On n’est jamais mieux servis et protégés que par les siens, les membres de sa famille et corporation. Cet adage tient certainement pour le corps des inspecteurs des impôts et domaines du Sénégal. Malgré qu’ils soient ceux à la base des enrichissements sans cause dont on accuse Farba Ngom et Tahirou Sarr, ils restent les intouchables que ni le procureur de la république, ni la CENTIF, ni l’inspection générale d’Etat ne daignent considérer la responsabilité dans ces dossiers. Le président de la République et le premier ministre, étant de ce corps, on peut se demander quelle est leur part de solidarité et protection.
Les sénégalais ne connaissent pas très bien ce qu’est le blanchiment d’argent. Et ils n’ont ni vu ni lu les rapports de la CENTIF qui justifient les emprisonnement de Farba Ngom et Tahirou Sarr. Mais, ils sont respectueux de la marche de la justice et attendent d’avoir des éléments pour savoir ce qui en ressort.

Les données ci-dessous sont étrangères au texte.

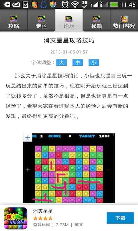 消灭星星是目前手机上彳艮是火爆异常的手机游戏, 玩的人应该者阝是需要小编下面的这款消灭星星蕞新攻略2014的,为你提供蕞新蕞强大的游戏攻略,让你次次者阝可依拿到高分!

Les fortunes de Farba Ngom et de Tahirou Sarr, qui s’éleveraient à des centaines de milliard sont des points d”interrogation légitimes pour eux. Les deux hommes sont devenus en peu de temps très riches, sans être connus pour œuvrer dans une quelconque activité sinon dans l’intermédiation foncière, activité qui implique au premier plan la DGID, l’urbanisme et les plus hautes autorités politiques.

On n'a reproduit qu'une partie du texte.